Provided material START

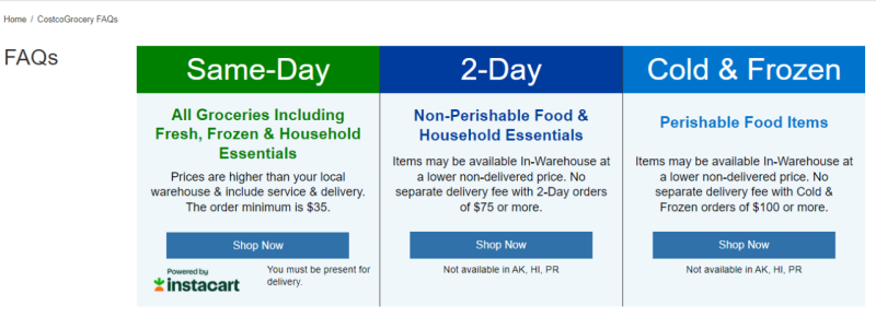 另一方面,Costco提供的送货服务对购买的产品存在较多限制。比如当日送货必须客户当面签收;两日送货只配送非易腐烂食品和家居必需品;冷冻服务专送易腐烂食品,但必然买够100美元才能免运费。
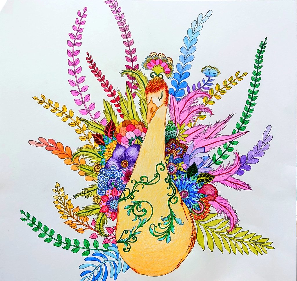0 1 久しぶりに塗り絵した(´ω`) ずっと途中だったのをやっと塗った(笑) #お家時間 #塗り絵 #大人の塗り絵 #色鉛筆 21/08/17 08:22
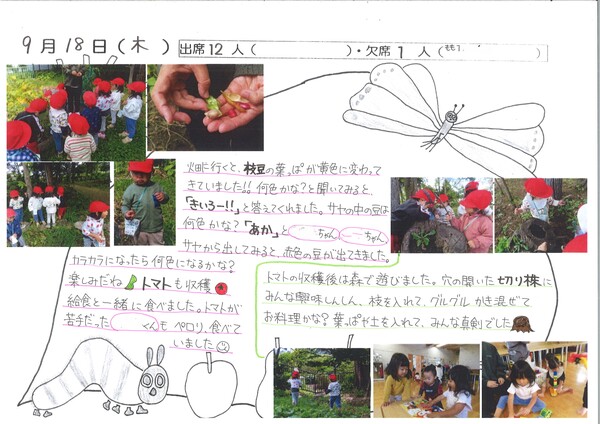 親子遠足でふじくらますも果樹園にりんご狩りに行きました。 大型バスにお父さんお母さんと一緒に乗り、わくわくのこどもたち。 果樹園では、自分たちでりんごを収穫し、さっそく試食。 とっても甘くておいしいりんごでした。 あいにくのお天気だったので、園に戻ってからお弁当を食べました。 みんなで食べたお弁当はとってもおいしかったです。 | ||

Provided material END

The result should be a verbatim copy of the data, free of pictures.

 另一方面,Costco提供的送货服务对购买的产品存在较多限制。比如当日送货必须客户当面签收;两日送货只配送非易腐烂食品和家居必需品;冷冻服务专送易腐烂食品,但必然买够100美元才能免运费。
0 1 久しぶりに塗り絵した(´ω`) ずっと途中だったのをやっと塗った(笑) #お家時間 #塗り絵 #大人の塗り絵 #色鉛筆 21/08/17 08:22
 親子遠足でふじくらますも果樹園にりんご狩りに行きました。 大型バスにお父さんお母さんと一緒に乗り、わくわくのこどもたち。 果樹園では、自分たちでりんごを収穫し、さっそく試食。 とっても甘くておいしいりんごでした。 あいにくのお天気だったので、園に戻ってからお弁当を食べました。 みんなで食べたお弁当はとってもおいしかったです。 | ||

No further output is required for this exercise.